====== DATA SHOWN

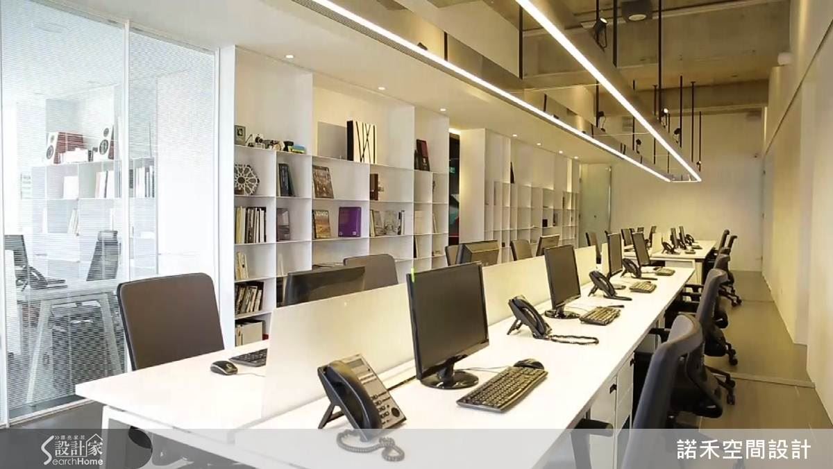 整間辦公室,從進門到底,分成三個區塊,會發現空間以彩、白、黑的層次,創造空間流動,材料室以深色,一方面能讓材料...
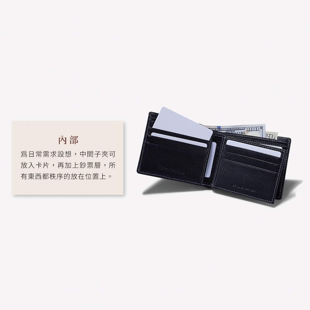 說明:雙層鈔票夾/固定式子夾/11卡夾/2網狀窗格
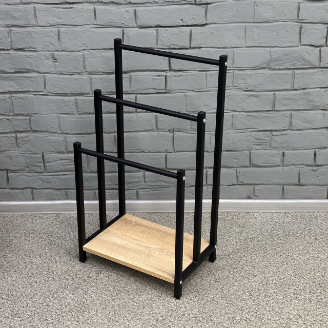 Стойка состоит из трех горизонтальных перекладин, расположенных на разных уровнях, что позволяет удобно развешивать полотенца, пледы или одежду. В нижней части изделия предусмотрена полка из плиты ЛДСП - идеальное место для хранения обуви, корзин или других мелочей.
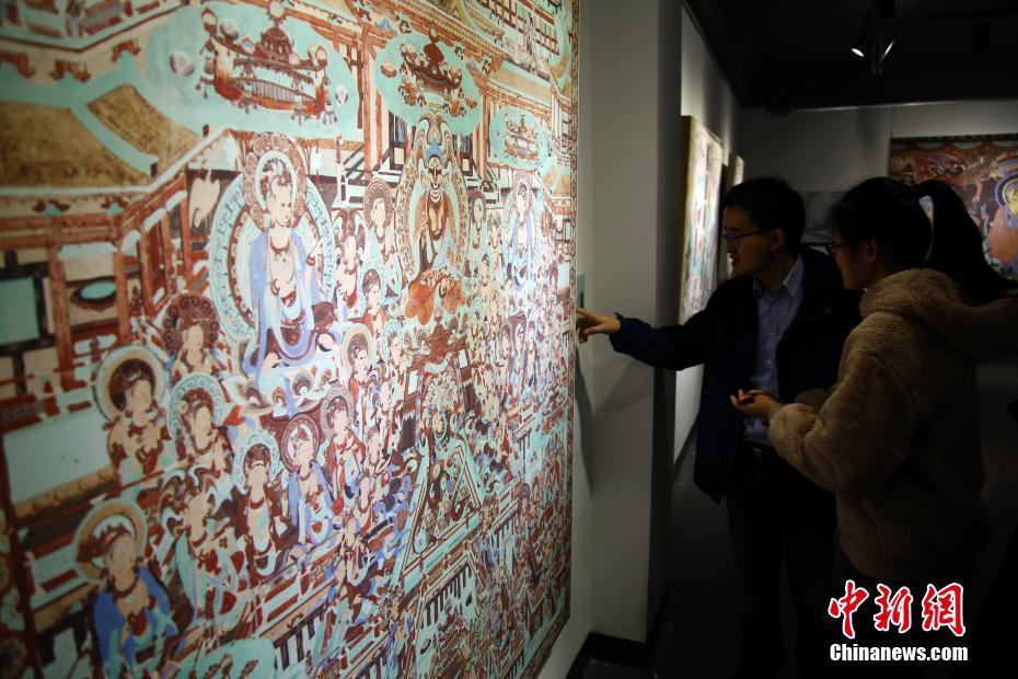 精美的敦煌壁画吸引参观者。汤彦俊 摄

============

§ WORK INSTRUCTIONS: Reproduce the listing word for word, but keep the pictures out of it.

§ PROBLEM SOLUTION:
 整間辦公室,從進門到底,分成三個區塊,會發現空間以彩、白、黑的層次,創造空間流動,材料室以深色,一方面能讓材料...
 說明:雙層鈔票夾/固定式子夾/11卡夾/2網狀窗格
 Стойка состоит из трех горизонтальных перекладин, расположенных на разных уровнях, что позволяет удобно развешивать полотенца, пледы или одежду. В нижней части изделия предусмотрена полка из плиты ЛДСП - идеальное место для хранения обуви, корзин или других мелочей.
 精美的敦煌壁画吸引参观者。汤彦俊 摄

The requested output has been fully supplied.